Magic bytes
Magic Bytes is a javascript library analyzing the first bytes of a file to tell you its type. The procedure
is based on https://en.wikipedia.org/wiki/List_of_file_signatures.
Installation
Run npm install magic-bytes.js
Usage
On server:
import filetype from 'magic-bytes.js'
filetype(fs.readFileSync("myimage.png"))
Using HTML:
<input type="file" id="file" />
<script src="node_modules/magic-bytes.js/dist/browser.js" type="application/javascript"></script>
<script>
document.getElementById("file").addEventListener('change', (event, x) => {
const fileReader = new FileReader();
fileReader.onloadend = (f) => {
const bytes = new Uint8Array(f.target.result);
console.log("Possible filetypes: " + filetypeinfo(bytes))
}
fileReader.readAsArrayBuffer(event.target.files[0])
})
</script>
API
The following functions are availble:
filetypeinfo(bytes: number[])
Contains typeinformation like name, extension and mime type: [{typename: "zip"}, {typename: "jar"}]
filetypenames(bytes: number[])
: Contains type names only: ["zip", "jar"]
filetypemime(bytes: number[])
: Contains type mime types only: ["application/zip", "application/jar"]
filetypeextensions(bytes: number[])
: Contains type extensions only: ["zip", "jar"]
Both function return an empty array []
otherwise, which means it could not detect the file signature. Keep in mind that
txt files for example fall in this category.
You don't have to load the whole file in memory. For validating a file uploaded to S3 using Lambda for example, it may be
enough to load the files first 100 bytes and validate against them. This is especially useful for big files.
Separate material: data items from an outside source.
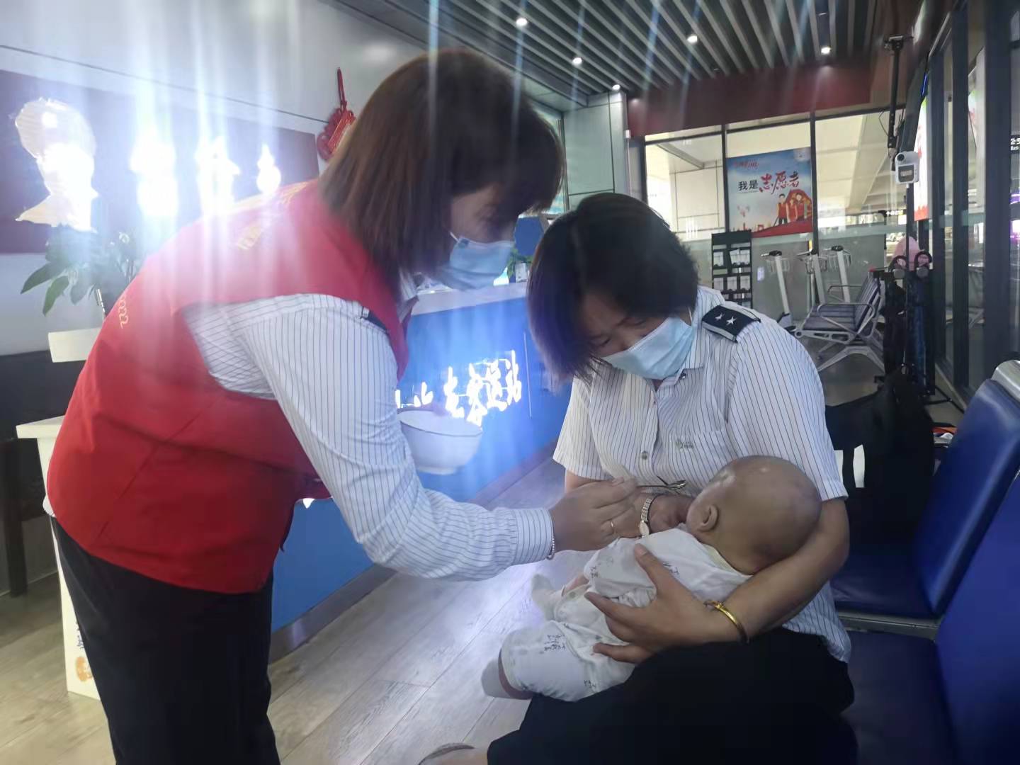 9月26日下午,连汽雷锋车驿站内一名带着婴儿满脸愁容的年轻男子引起了“雷锋车”手车良梅和薛莹的注意。看着哇哇啼哭的婴儿,两人急忙走上前询问,得知原本夫妻二人带着两个月大的宝宝从苏州返回连云港老家。刚到火车站,宝妈就接到东北老家的电话,她的父亲突患脑梗急需手术。宝妈焦急万分,没出站又赶去徐州转车。宝爸带着孩子出站后,来到雷锋车驿站等待家人接回灌云。因为是新手爸爸,照顾孩子经验不足,再加上走得匆忙,奶粉奶瓶都没带,孩子饿的哇哇哭喊。
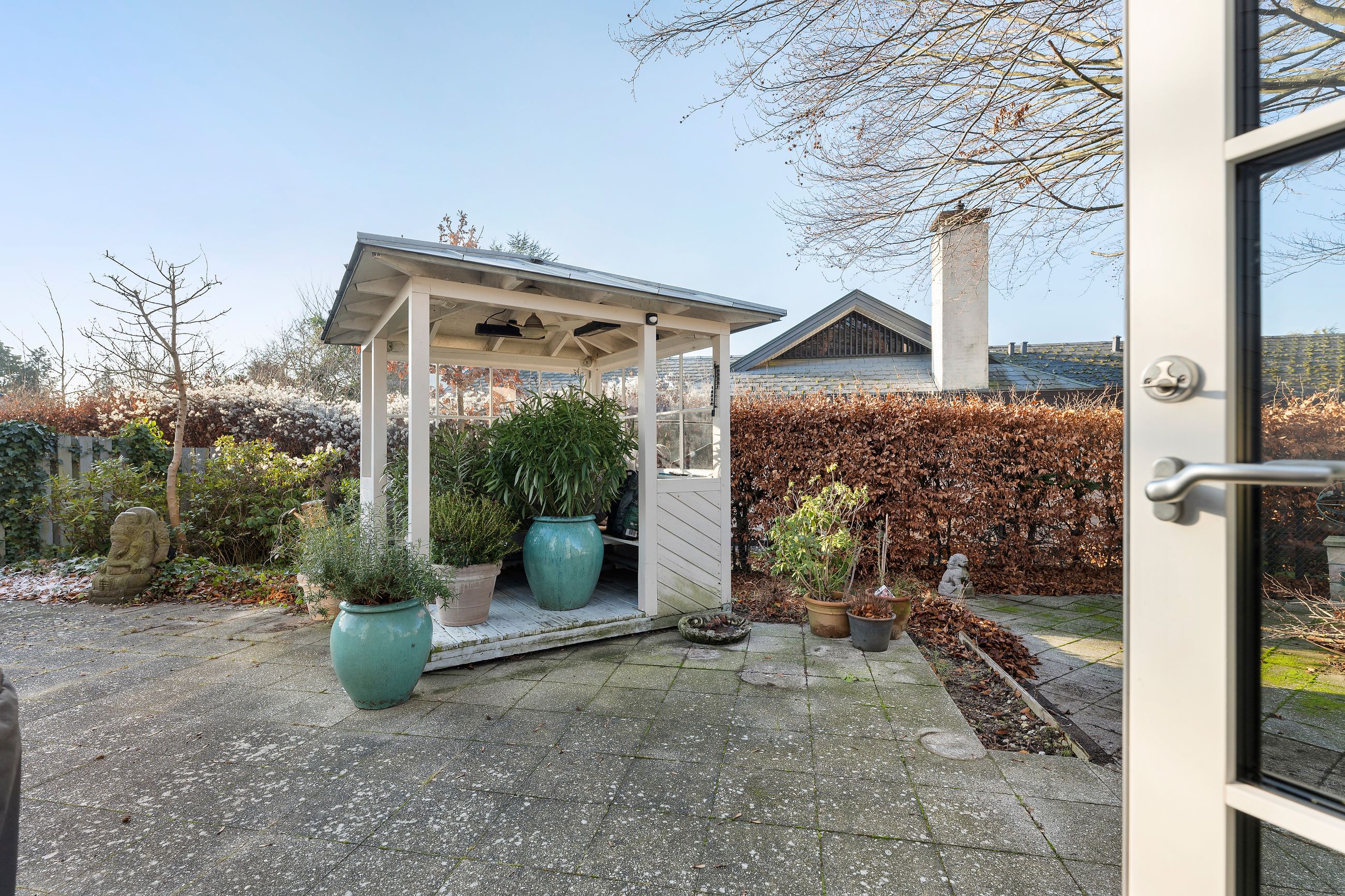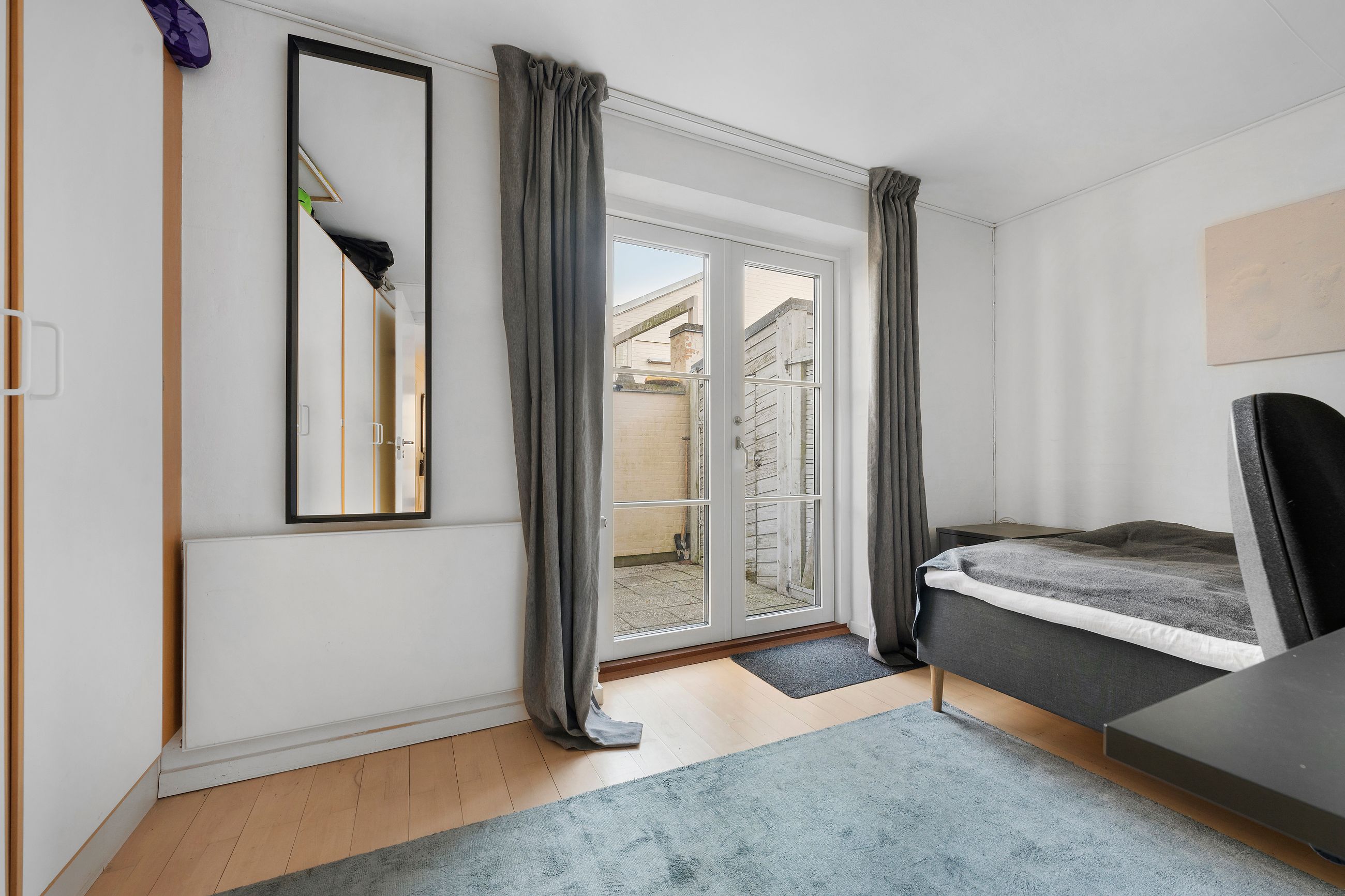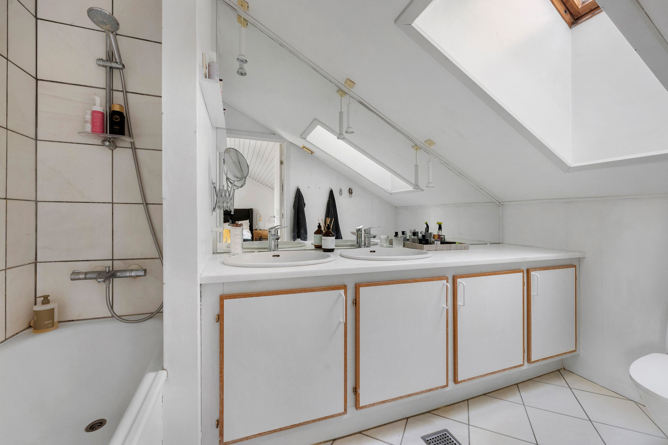 Hvis rækkehuset på Lysagervej 21 i Vilvordevejskvarteret så sig selv i spejlet som i brødrenes Grimms eventyr Snehvide, ville det se sig selv bare spejlvendt. Selvfølgelig. Men i virkeligheden ser det rækkehuset på Lysagervej 23, altså naboen, for de 2 rækkehuse er nemlig spejlvendt identiske. De er begge fra 1989. Med 168 m2 bolig fordelt på 2 plan er det et oplagt rækkehus til familien med børn, hvor forældrene har deres afdeling, og børnene deres. Med loft til kip er her usædvanligt højt til loftet med masser af lys, åbent ildsted, zinktag og det skønneste gårdmiljø med pavillon og sol hele dagen. Her er ingen trafik, det er et stille og roligt kvarter med mosenatur i Ellemosen og det historiske Bernstorffslot med hundepark tæt på. Matriklen er på 1.343 m2 og fælles med naborækkehuset, men opdelt i 2 selvstændige haver og terrasser.
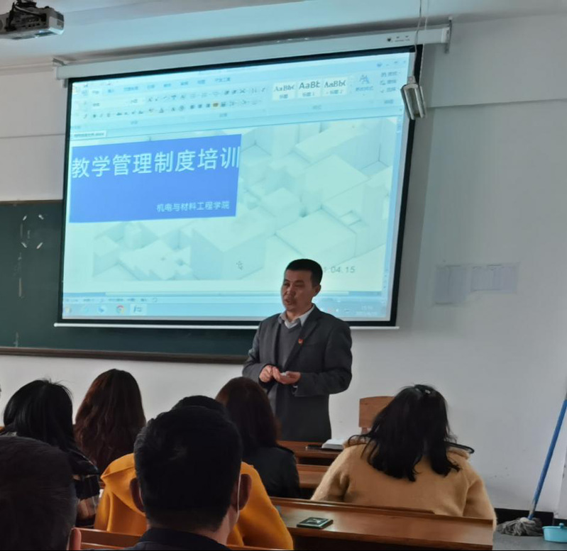 4月15日下午,机电与材料工程学院在教四409召开“教学管理制度解读”培训会。校长助理兼机电学院院长李长威、副院长吴犇、各系主任、学院专职教师参加此次培训会议。
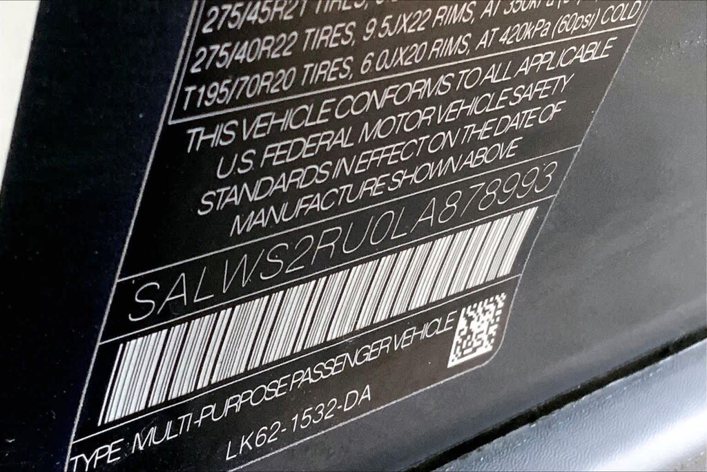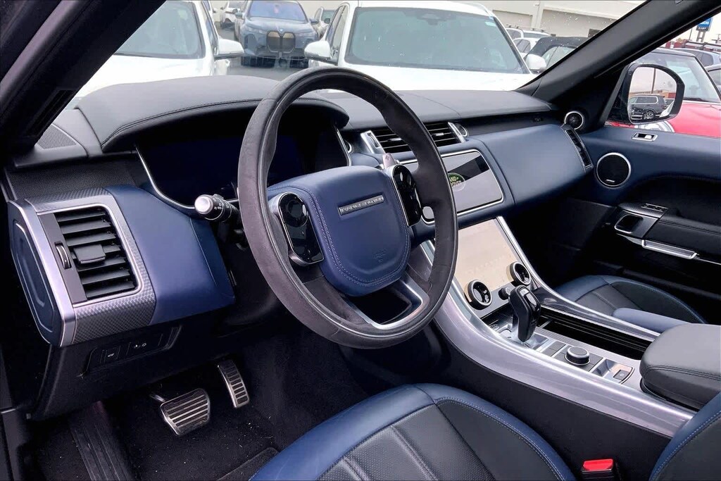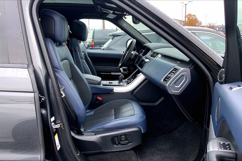 Clean CARFAX. 2020 Land Rover Range Rover Sport HST 4WD 8-Speed Automatic 3.0L I6 Turbocharged 16-Way Heated/Cooled HST Front Seats w/Memory, 19 Speakers, 3.55 Axle Ratio, 4-Wheel Disc Brakes, ABS brakes, Adaptive suspension, Air Conditioning, Alloy wheels, AM/FM radio: SiriusXM, Apple CarPlay & Android Auto, Auto High-beam Headlights, Auto tilt-away steering wheel, Auto-dimming door mirrors, Auto-dimming Rear-View mirror, Auto-leveling suspension, Automatic temperature control, Brake assist, Bumpers: body-color, Child-Seat-Sensing Airbag, Compass, Delay-off headlights, Driver door bin, Driver vanity mirror, Dual front impact airbags, Dual front side impact airbags, Electronic Stability Control, Emergency communication system: InControl Protect, Four wheel independent suspension, Front anti-roll bar, Front Bucket Seats, Front Center Armrest w/Storage, Front dual zone A/C, Front fog lights, Front reading lights, Fully automatic headlights, Garage door transmitter: HomeLink, Head restraints memory, Headlight cleaning, Heated door mirrors, Heated front seats, Heated rear seats, Illuminated entry, Leather Shift Knob, Low tire pressure warning, Memory seat, Navigation System, Occupant sensing airbag, Outside temperature display, Overhead airbag, Overhead console, Panic alarm, Passenger door bin, Passenger vanity mirror, Perforated Windsor Leather w/Suedecloth Seat Trim, Power adjustable front head restraints, Power door mirrors, Power driver seat, Power Liftgate, Power moonroof, Power passenger seat, Power steering, Power windows, Radio data system, Radio: Meridian Surround Sound System (825W), Rain sensing wipers, Rear air conditioning, Rear anti-roll bar, Rear fog lights, Rear reading lights, Rear seat center armrest, Rear window defroster, Rear window wiper, Remote keyless entry, Security system, Speed control, Speed-sensing steering, Speed-Sensitive Wipers, Split folding rear seat, Spoiler, Steering wheel memory, Steering wheel mounted audio controls, Tachometer, Telescoping steering wheel, Tilt steering wheel, Traction control, Trip computer, Turn signal indicator mirrors, Variably intermittent wipers, Ventilated front seats, Wheels: 21 9 Spoke Gloss Black Style 9001.

see examples for practical usage.
Tests
Run npm test
Example
See examples/
How does it work
The create-snapshot.js
creates a new tree. The tree has a similar shape to the following
{
"0x47": {
"0x49": {
"0x46": {
"0x38": {
"0x37": {
"0x61": {
"matches": [
{
"typename": "gif",
"mime": "image/gif",
"extension": "gif"
}
]
}
},
}
}
}
}
}
It acts as a giant lookup map for the given byte signatures. To check all available entries, have a look at pattern-tree.js
and its
generated pattern-tree.snapshot
, which acts as a static resource.
Supported types
Please refer to src/pattern-tree.js
Roadmap
- Specialize type detection(like zip) using offset-subtrees
- Add encoding detection